In Chapters 2 and 3, we investigate indirect observational constraints on the atmospheric oxidative capacity using the trace gas methyl chloroform (MCF). MCF is an anthropogenically produced gas, that was used mainly as a solvent in paints and degreasers. The production of MCF was phased out in the Montreal protocol and subsequent amendments (1987-1999), because its emissions harm the stratospheric ozone layer. Fortuitously, MCF is removed from the atmosphere mainly through oxidation by OH, resulting in an atmospheric lifetime of 5 to 6 years. Therefore, the production phase-out resulted in a rapid atmospheric decline in MCF abundance, and variations in this rate of decline provide a proxy for large-scale OH variations.

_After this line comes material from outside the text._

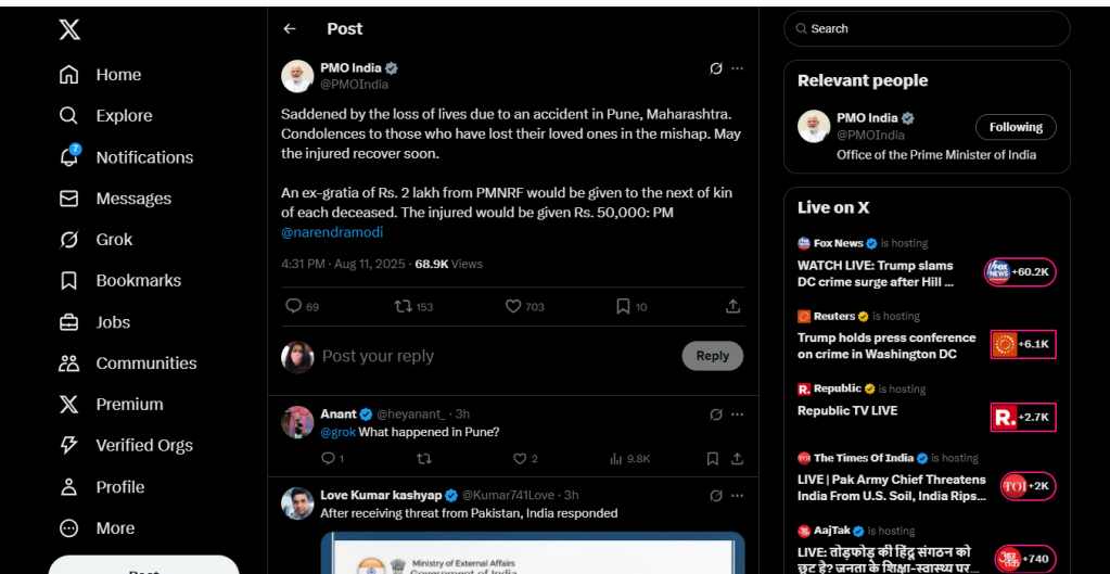Prime Minister Narendra Modi has expressed grief over this incident. PM Modi wrote, “Saddened by the loss of lives due to an accident in Pune, Maharashtra. Condolences to those who have lost their loved ones in the mishap. May the injured recover soon. An ex-gratia of Rs. 2 lakh from PMNRF would be given to the next of kin of each deceased. The injured would be given Rs. 50,000.”

The atmospheric decline of MCF has been monitored mainly from remote surface sites that represent the background atmosphere. Comprehensive interpretation of such observations requires the use of atmospheric models. Forward models simulate emissions of gases into the atmosphere, and their subsequent transport and chemistry. Such models can vary in complexity from a global one-box model to a complex 3D transport mode. In addition to forward models, we develop and use inverse models, which use observations of a gas such as MCF to estimate, for example, those MCF emissions and OH variations.

In Chapter 2, we use a two-box model inversion of the troposphere to explore the constraints that MCF surface observations place on global-scale OH variations over the 1994-2014 period. The two-box model set-up incorporates important aspects of the real atmosphere, because the atmosphere is mixed significantly faster within hemispheres than between them and because most anthropogenic emissions enter the atmosphere in the Northern Hemisphere. Therefore, a similar set-up was applied to the MCF-OH problem in two previous studies. However, we find that the two-box model approach is susceptible to biases that we quantify with a 3D transport model.

Firstly, we find, that the interhemispheric exchange rate that is used in two-box models is not only reflective of physical transport changes, but is also highly dependent on a tracer's distribution within hemispheres. The distribution of MCF has changed strongly over the 1994-2014 period that we investigate, due to the rapid drop in its emissions. We find that this change resulted in large, multi-annual variations in the interhemispheric exchange of MCF, that are very different from the variations derived for CH4. The same redistribution of MCF drove a rapid decrease in loss of tropospheric MCF to the stratosphere by up to 70%, as well as a shift in the effective interhemispheric OH ratio that MCF is exposed to.

To test the impact of the identified biases on the OH variations and CH4 emissions derived in a tropospheric two-box model inversion, we perform two sets of inversions: one in which we correct for the biases, and one in which we do not. Notably, we find that the inversion that includes bias corrections produces OH variations that show a positive trend, while the standard inversion does not. However, we also find that the uncertainties driven by other two-box parameters that cannot be constrained from a 3D model simulation, for example related to MCF emissions, remain large. The implication for the CH4 budget is that it remains difficult to attribute variations in the atmospheric CH4 abundance to either emission or OH changes.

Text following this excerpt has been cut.